Coprosma Green Rocks has big, glossy leaves and a vigorous habit.
Coprosma Green Rocks has big, glossy leaves and a vigorous habit.
Don’t turn your back on the not-so-popular plants, they can turn into heroes in a gappy garden
It's funny how you can loathe a particular plant for a long time and then see it in a different situation and discover its merit. A bit like young love, I suppose, when one day you see the boy with the stick-out ears and scabby knees rescuing a cat from a tree and suddenly he's your hero.
My equivalent of the stick-out-ears boy is Coprosma Green Rocks.

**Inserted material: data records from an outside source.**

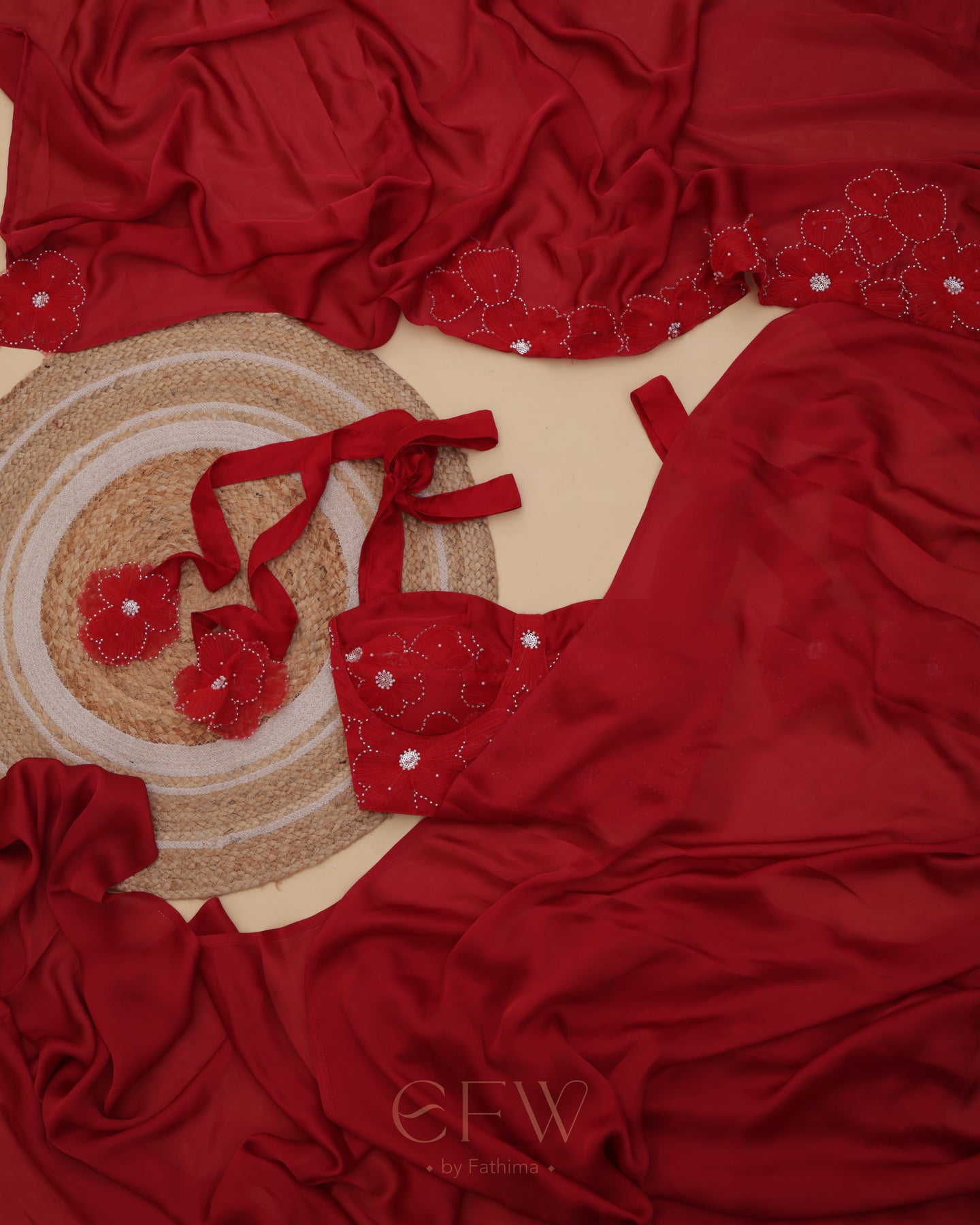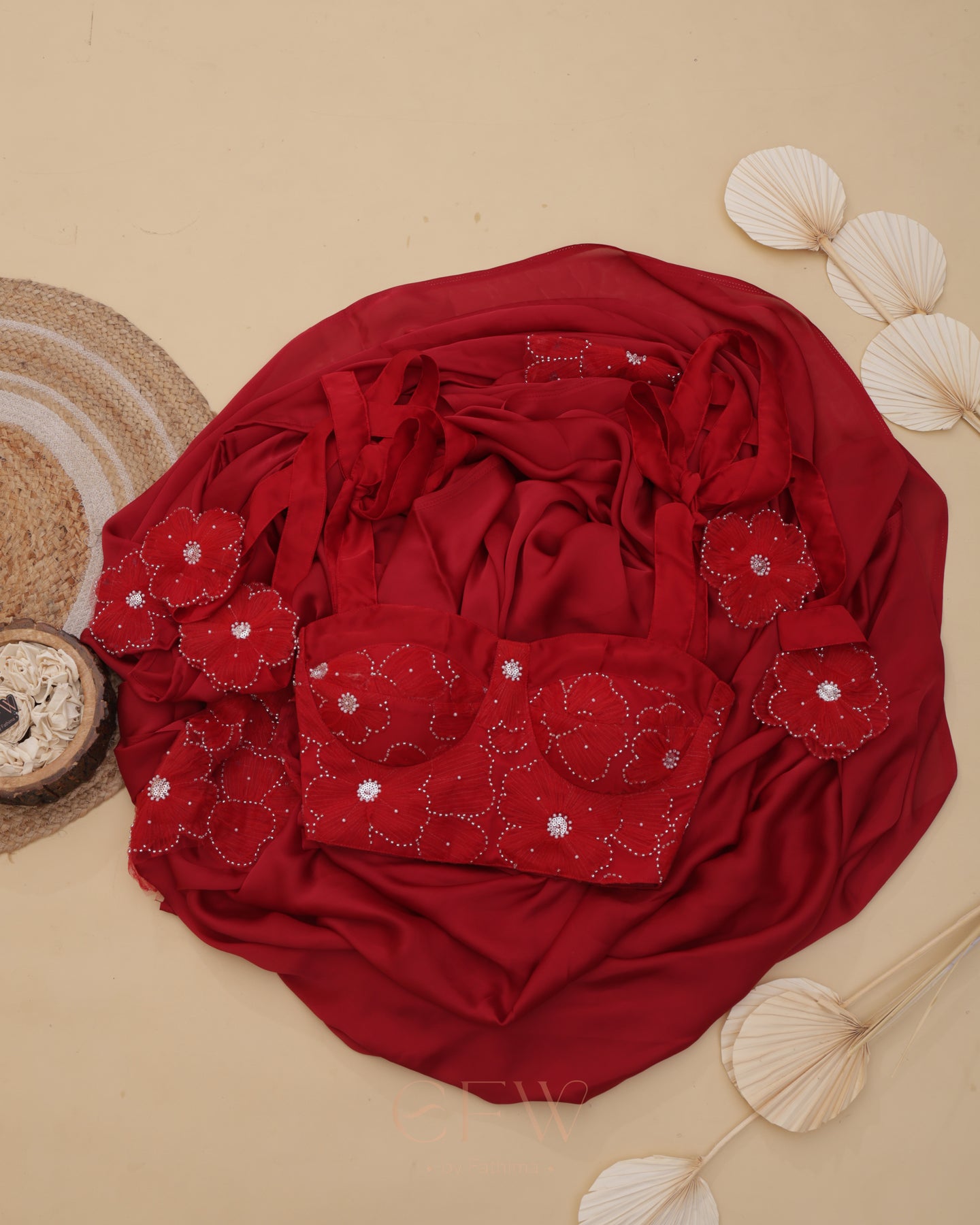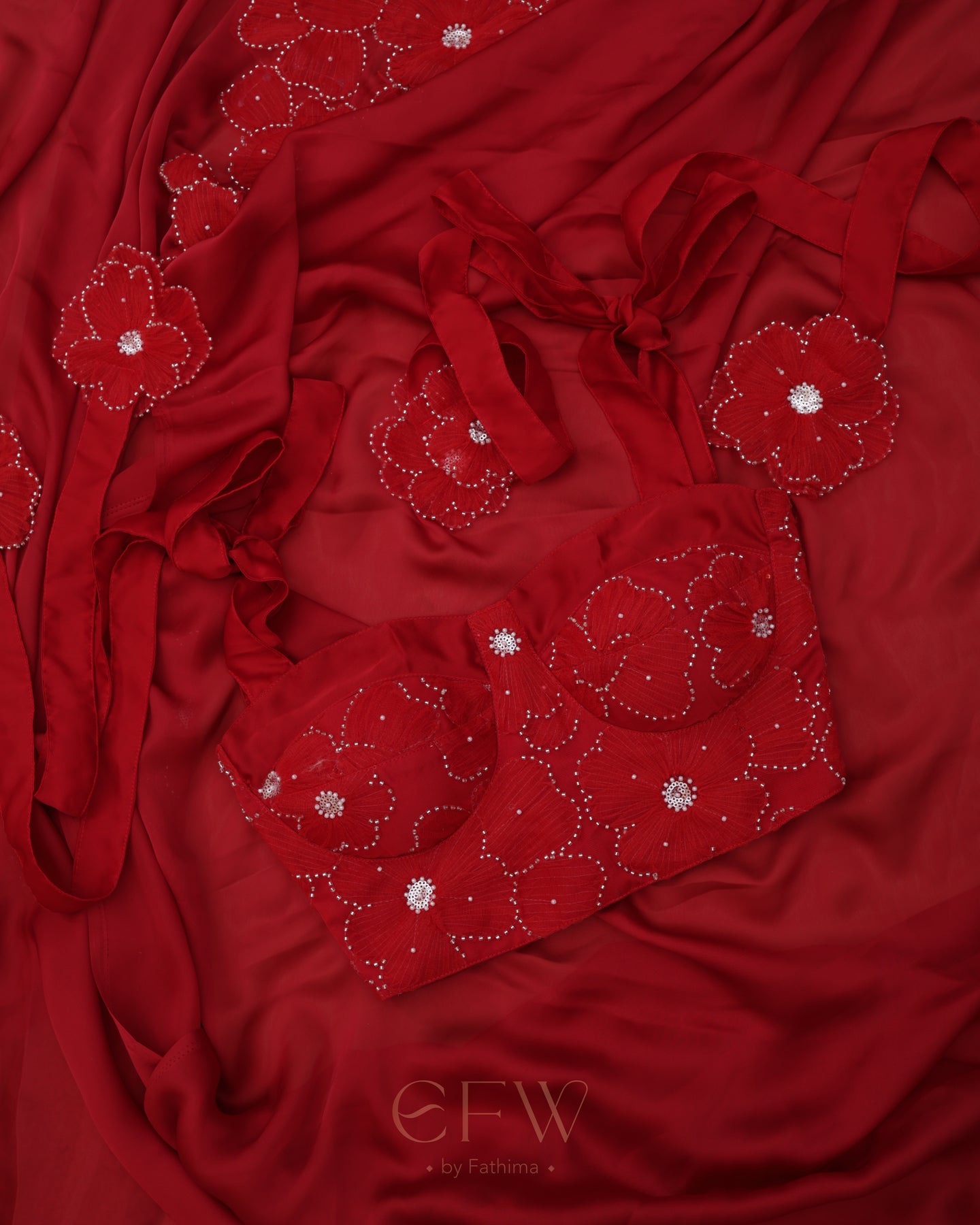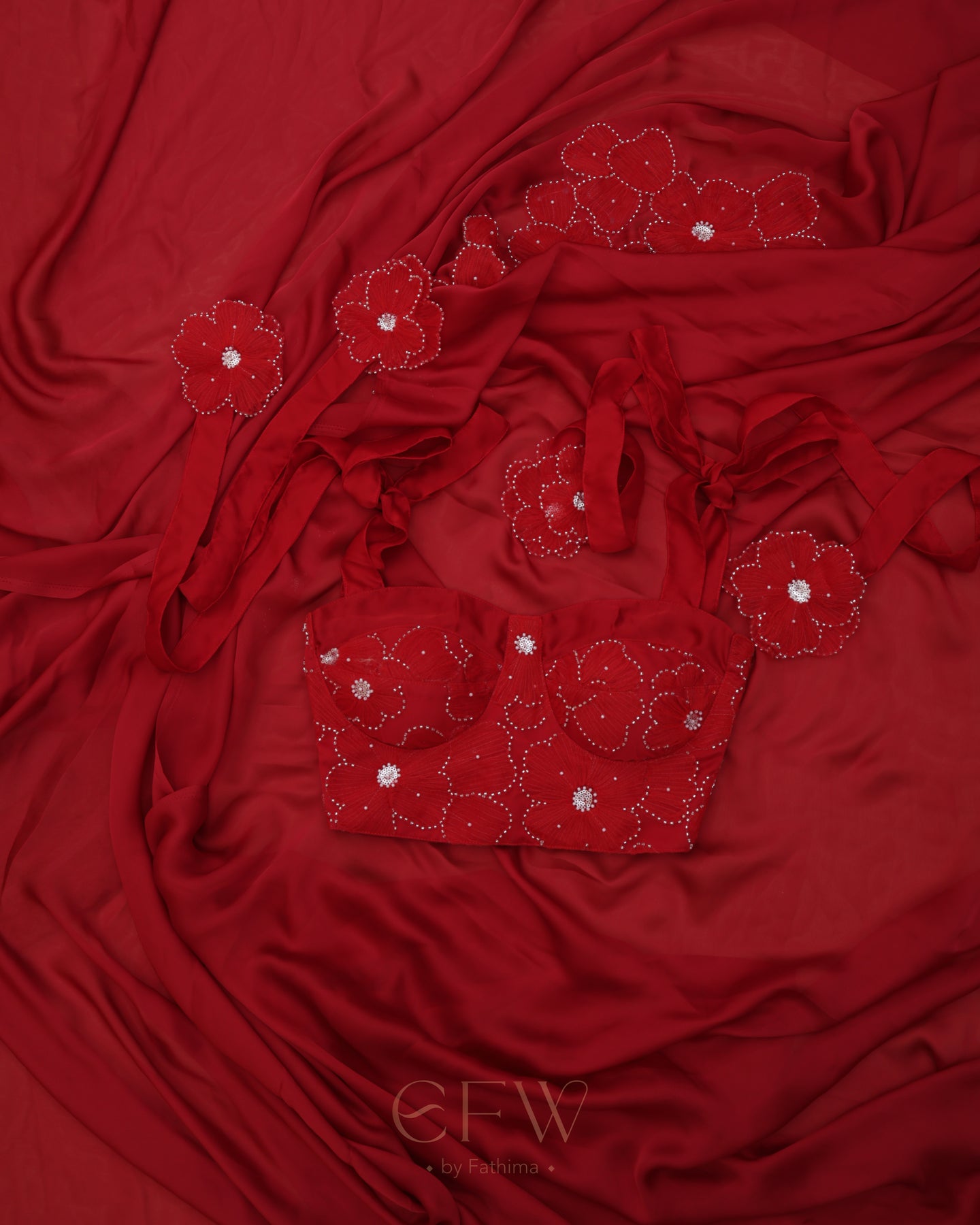 Elevate your festive elegance with Ishara, a stunning ensemble that radiates passion and poise. Crafted in a deep, luxurious red, this saree and blouse set captures the essence of celebration.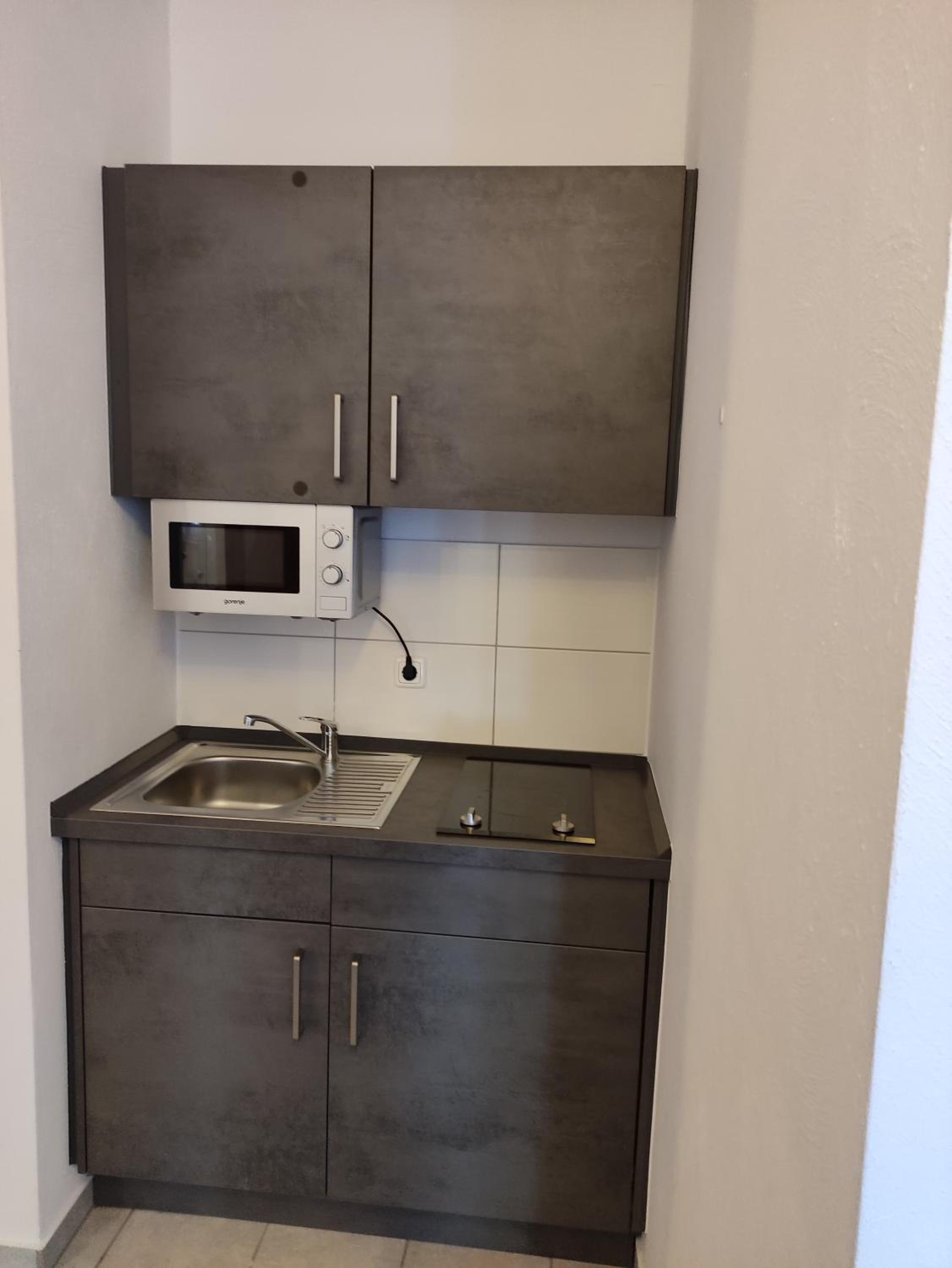 Kleine keuken maar van alle gemakken voorzien.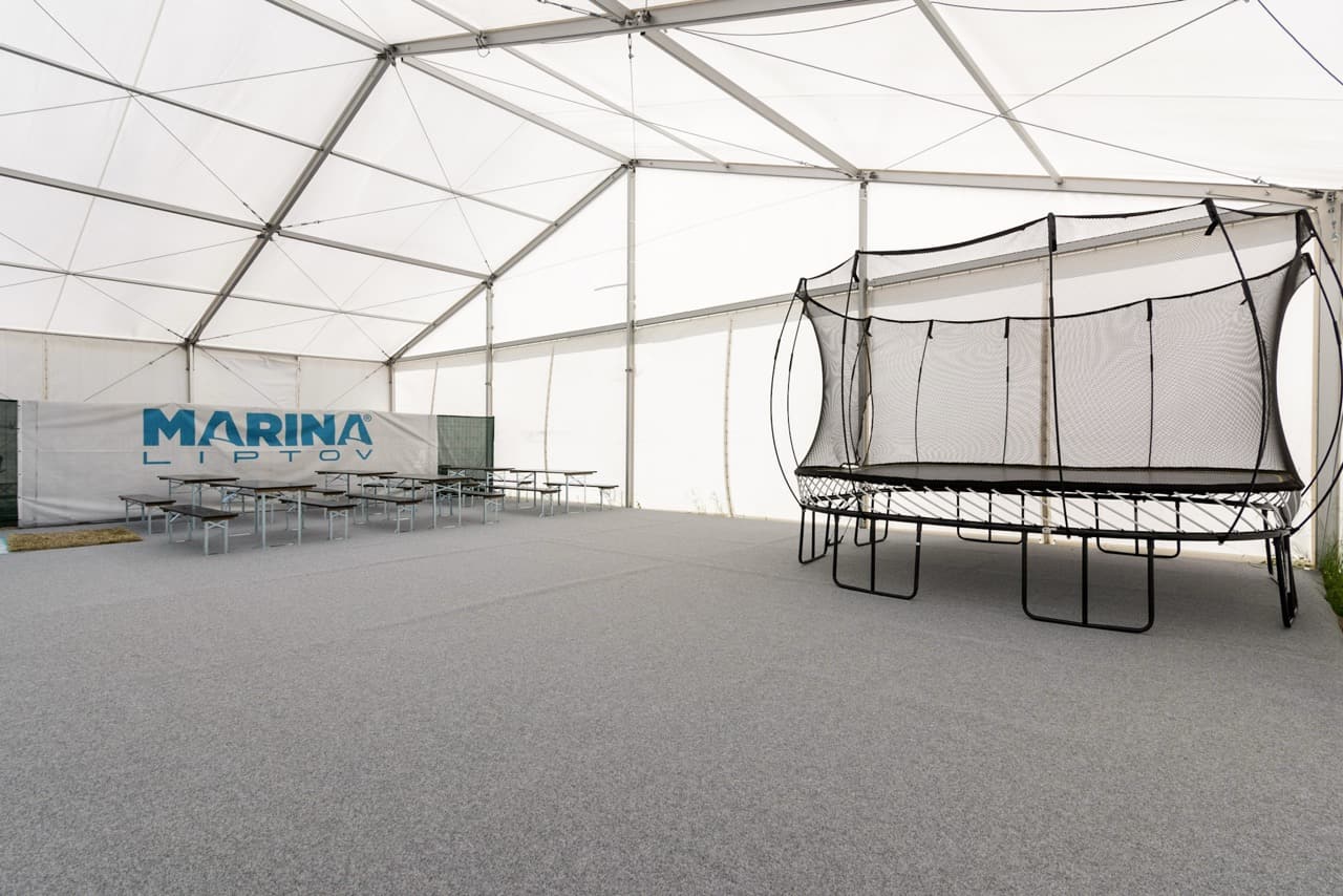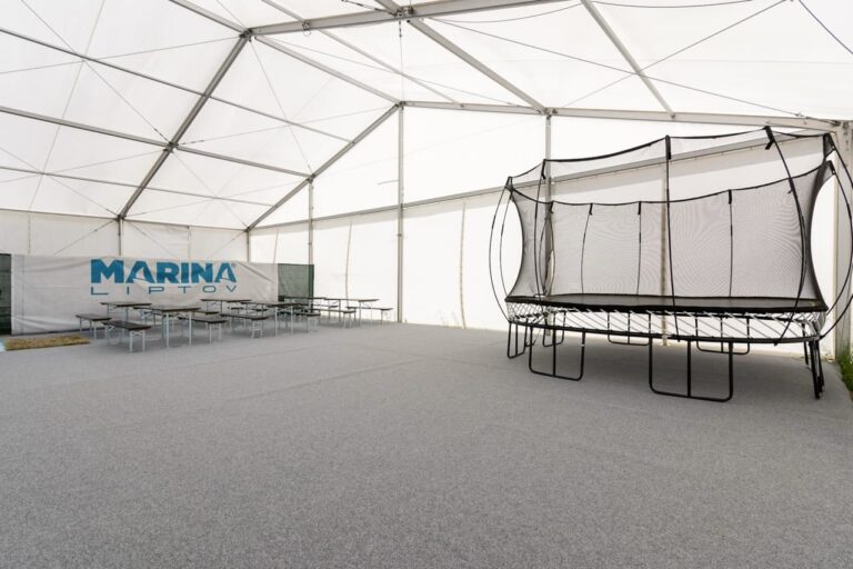 - V rámci areálu sa nachádza eventový stan so sedením – pivnými setmi.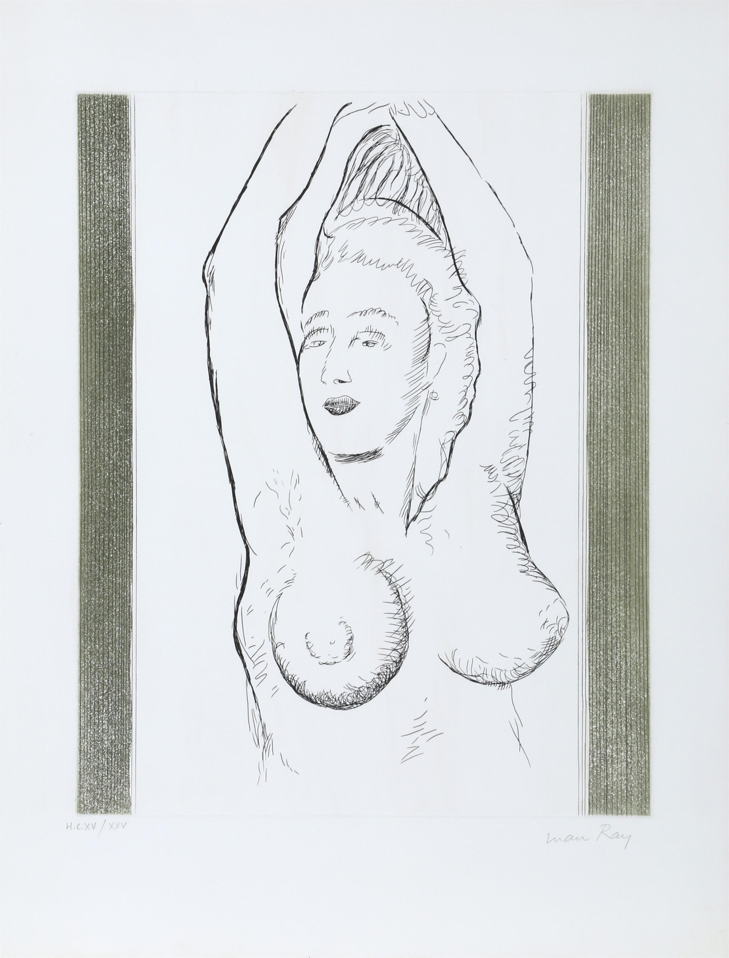 "Sonia" is an etching with aquatint by Man Ray created in the 1920s, exemplifying his experimental approach to printmaking during his Paris period. The work demonstrates Ray's characteristic blend of Dada sensibilities and surrealist imagery, utilizing the technical possibilities of aquatint to create tonal variations and atmospheric effects. The print reflects Ray's broader interest in exploring unconventional artistic techniques and his engagement with portraiture as a vehicle for abstraction and psychological exploration.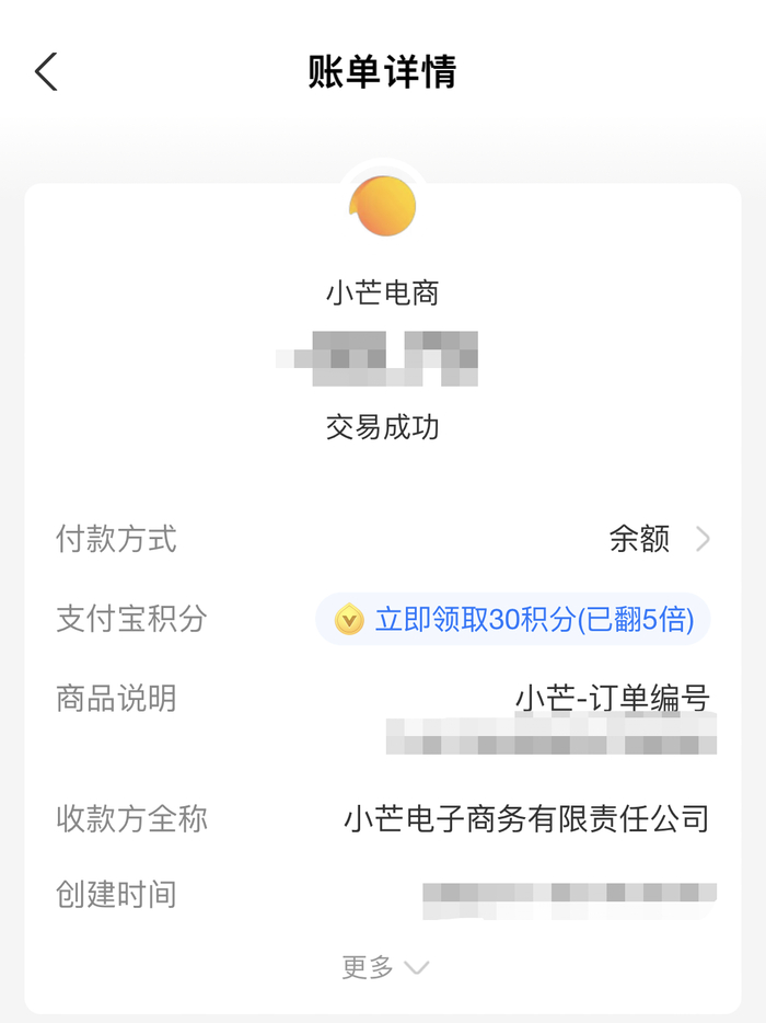 支付宝历史账单显示,第一次的收款方是小芒电子商务有限责任公司(下称“小芒电商”)。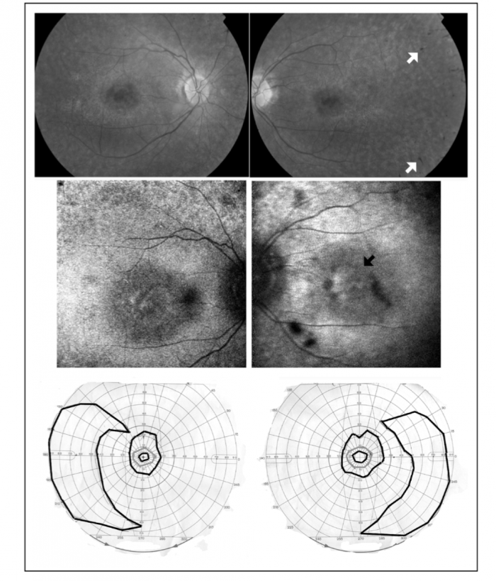 Ophthalmoscopic examination: to identify signs of retinitis pigmentosa.[11]

I've never been a fan of any kind of coprosma and when The Landscaper presented me with a couple of these glossy green ground covers he had left over from a job, I gave him a withering look and threw them grumpily down behind the railway sleeper wall.
A few weeks later they had taken root, had spread out to about 50cm and sent a few tendrils cautiously over the sleeper.
Quite fetching, I thought. Certainly more fetching than their cousin Coprosma Hawera, which always looks as if it's on death's door, and worse, is apparently attractive to rats.
It's not easy to find the perfect ground cover and I often wonder why we make new garden beds which, once the soil is exposed, require immediate planting to stop them filling themselves with weeds.
While I'm pleased to have made my peace with Green Rocks, it's not ideal for every situation.
It's quite an in-your-face sort of plant with quite big, glossy green leaves, and it's semi-prostrate so it doesn't just lie on the soil like a mat.
So I wouldn't plant it with anything subtle or delicate, or it'll steal the show.
Give it a crappy old bank, though, and it'll do the job beautifully. It's vigorous and hardy, tolerates poor, dry or sandy conditions, coastal spray, sun or shade.
How could I not have seen beyond its stick-out-ears before now, I'll never know.
I've never loved that good old favourite Grevillea Bronze Rambler either, probably because, like Coprosma Hawera, it tends to look dried up and ready to check out.
On the contrary though, it's a real survivor.
It's used to making do with little food, poor soil and drought and it's incredibly adaptable. It's got great coverage and when it's in flower, which is a lot of the time, you can forgive it anything.
One of my real favourites, and I hesitate to admit this because my eco-warrior friend has threatened all sorts of dire consequences if I plant any more, is agapanthus.
No, not the naughty one, but a beautiful dwarf that provides sky blue blooms for months. It grows in most conditions, sun to semi-shade and is hardy to frost, and it really is a minimum-effort, maximum-impact plant to grow. I can vouch for it whole-heartedly because it's planted around the perimeter of our carpark area, where it's completely shaded by a gang of rampant acmena and only sees the sun during their annual pruning. Even such a dreary location doesn't stop it from flowering with enthusiasm.
Star Jasmine is truly a star ground cover, it grows quickly, flowers for ages and has a lovely scent.
Star Jasmine is another ground cover whose name makes people nervous, but it's not related to the true jasmine, which is known for its invasive behaviour.
This one is Trachelospermum jasminoides, which grows into rather disorganised clumps and sends out lots of long tendrils which you can either train or snip off. It likes sun but will tolerate shade. If you give it plenty of water in summer and serve it up some good organic fertiliser it should stay nice and lush.
We used to have a ground cover in Dunedin called aluminium plant which covered a multitude of sins, but I think it's on the naughty list now.
No, it's not the naughty aluminium plant but Lamium maculatum, which has pink/lavender flowers and very delicate grey-green foliage.
However, it has a lookalike called Lamium maculatum, a tough, evergreen perennial that forms a spreading patch of small silver leaves with a narrow green edge.
Happily it has pink flowers, not yellow like the aluminium plant, and it flowers off and on from spring until autumn. Once established it's good for dry shade, and the stems will root into the ground where they touch. New plants that form can be easily moved elsewhere.
That's my idea of the perfect ground cover. Why it would have the common name of deadnettle I really can't imagine.
Spreading herbs fill the gaps
Typically, I bought a whole box of herbs a while ago in the expectation that the vegetable garden would miraculously weed and prepare itself for planting while I was doing something else. It didn't.
Also typically, I couldn't bear to waste them so I planted them in the still slightly gappy front garden - a work in progress - and they've excelled themselves as ground covers. Four different kinds of thyme have covered about 30sq cm each so far, and the oregano is going mad.
I've also slotted in a few parsley plants, having been inspired by a mass (and massive) planting of them at the Dunedin railway station a few years ago. They like the front garden far better than the herb garden and they're really pretty.
Herbs are great ground covers and gap fillers. They're cheap, they grow quickly, they're not invasive, they smell good, they flower, you can eat them, and give bits of them away. Now I'm planting chives, dill, chamomile, marjoram, sorrel and sage in the gaps all over the garden. The Landscaper is hopeful that this may lead to more inspired cooking.